▸ **WHAT IS REQUIRED**: Print the data exactly as written, but leave out each picture.

Stored items from a collection
::::::::::
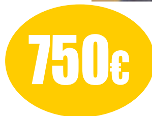
È la spesa procapite in Lombardia, meno di 300 in Campania
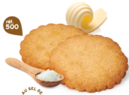
GALETTES 48 étuis de 2 - 880 g DDM* : 5 mois
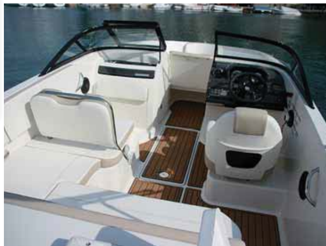
Se ofrece la opción de un agradable acabado en teca sintética.
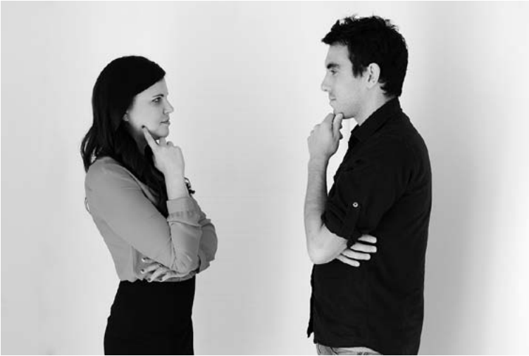
Изопраксия — подражание жестам собеседника

Собеседник не будет осознавать, что замечает ваше подражание, поскольку оно вписывается в стандарт человеческого поведения и мозг не воспринимает его как нечто необычное. Однако отсутствие подражательного поведения может расцениваться как сигнал враждебности, и мозг сразу отметит это. Возможно, человек, жесты которого собеседник не копирует, и сам не сумеет объяснить причину своего дискомфорта, но враждебный сигнал вызовет у него оборонительную реакцию, препятствующую установлению доверительных дружеских отношений.
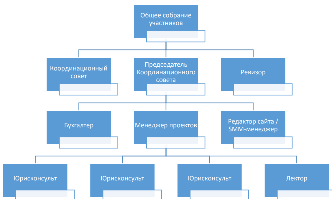
Схема организационной структуры

Ревизор Движения осуществляет ревизию финансово-хозяйственной деятельности, избирается на 5 лет и вправе запросить любую необходимую информацию у должностных лиц Движения.
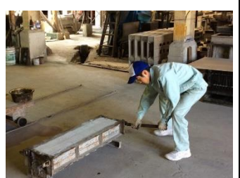
株式会社 オーカワ
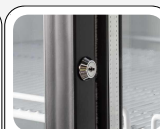
Serratura di serie
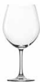
200 00 00 Bourgogne 770 ml H 216 mm Ø 109 mm € 42,40
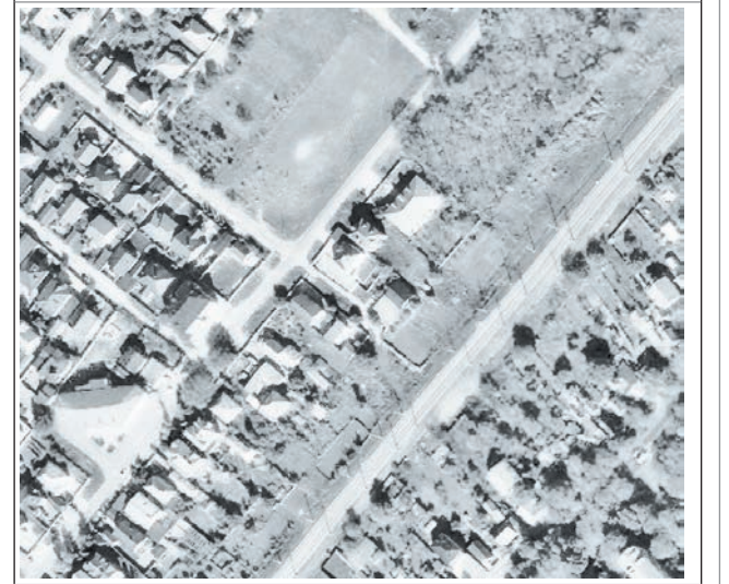
Схема с указанием территории, в отношении которой проводятся публичные слушания
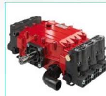
Klipna pumpa YA150 High pressure piston pump YA150
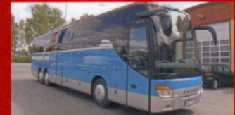
S 416 GT-HD Malmbäck's Buss, Malmbäck

– Jag förväntar mig fortfarande över att jag som mest sitter på kontor kunde konkurrera med proffsen, skrattar han.
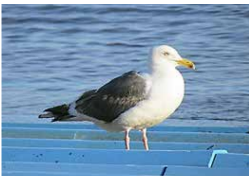
【写真：オオセグロカモメ】

れました。数を減らしている原因は解明されていませんが、天敵のオジロワシの中に、年中道内で生活する個体が増えていることが一つの要因であるといわれています。
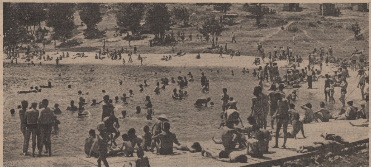
Када јули и август дођу и жива у термометру се попне на тридесетак и више степени Борско језеро је омиљено место где грађани и туристи потраже уточиште у топлим поподневима. Тада улице града остану без људи који градску спарину замењују свежином, коју пружају излеташка језера и Брестовачке бање. За време викенда ове излетничке терене преплава неколико хиљада људи. Плажа, неколико угоститељских објеката и могућност за бављење риболовом све више привлаче радног човека да после „шихте“ предахне у пријатном амбијенту оближњег Борског језера

Нестанак струје је, уз то, изазвао кварове на неким агрегатима у топловизи, флуорацији и алуминици. На П. хоризонту у Јами морале су бити предузете ванредне мере одбране. Спштена су такзована водна врата Јер су велике пазе биле заустављене. Претпоставља се, јер штета још није сасвим утврђена, да је у борском делу Басена због нестанка струје изгубљено око десет милиона динара.
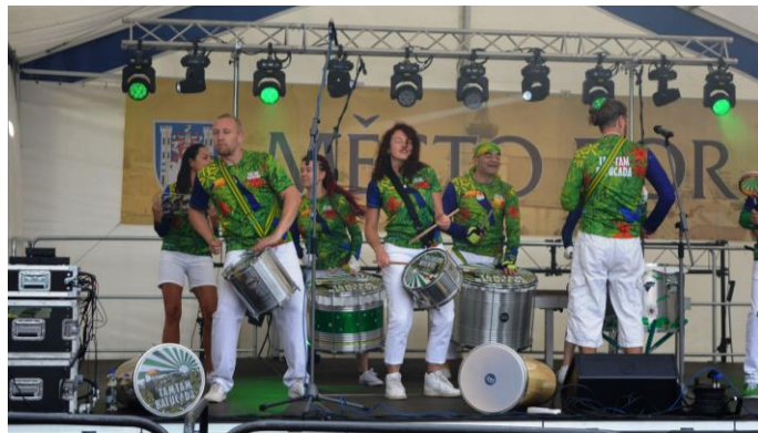
Tam Tam Batucada
::::::::::
▸ **RESPONSE AREA**:
È la spesa procapite in Lombardia, meno di 300 in Campania
GALETTES 48 étuis de 2 - 880 g DDM* : 5 mois
Se ofrece la opción de un agradable acabado en teca sintética.
Изопраксия — подражание жестам собеседника

Собеседник не будет осознавать, что замечает ваше подражание, поскольку оно вписывается в стандарт человеческого поведения и мозг не воспринимает его как нечто необычное. Однако отсутствие подражательного поведения может расцениваться как сигнал враждебности, и мозг сразу отметит это. Возможно, человек, жесты которого собеседник не копирует, и сам не сумеет объяснить причину своего дискомфорта, но враждебный сигнал вызовет у него оборонительную реакцию, препятствующую установлению доверительных дружеских отношений.
Схема организационной структуры

Ревизор Движения осуществляет ревизию финансово-хозяйственной деятельности, избирается на 5 лет и вправе запросить любую необходимую информацию у должностных лиц Движения.
株式会社 オーカワ
Serratura di serie
200 00 00 Bourgogne 770 ml H 216 mm Ø 109 mm € 42,40
Схема с указанием территории, в отношении которой проводятся публичные слушания
Klipna pumpa YA150 High pressure piston pump YA150
S 416 GT-HD Malmbäck's Buss, Malmbäck

– Jag förväntar mig fortfarande över att jag som mest sitter på kontor kunde konkurrera med proffsen, skrattar han.
【写真：オオセグロカモメ】

れました。数を減らしている原因は解明されていませんが、天敵のオジロワシの中に、年中道内で生活する個体が増えていることが一つの要因であるといわれています。
Када јули и август дођу и жива у термометру се попне на тридесетак и више степени Борско језеро је омиљено место где грађани и туристи потраже уточиште у топлим поподневима. Тада улице града остану без људи који градску спарину замењују свежином, коју пружају излеташка језера и Брестовачке бање. За време викенда ове излетничке терене преплава неколико хиљада људи. Плажа, неколико угоститељских објеката и могућност за бављење риболовом све више привлаче радног човека да после „шихте“ предахне у пријатном амбијенту оближњег Борског језера

Нестанак струје је, уз то, изазвао кварове на неким агрегатима у топловизи, флуорацији и алуминици. На П. хоризонту у Јами морале су бити предузете ванредне мере одбране. Спштена су такзована водна врата Јер су велике пазе биле заустављене. Претпоставља се, јер штета још није сасвим утврђена, да је у борском делу Басена због нестанка струје изгубљено око десет милиона динара.
Tam Tam Batucada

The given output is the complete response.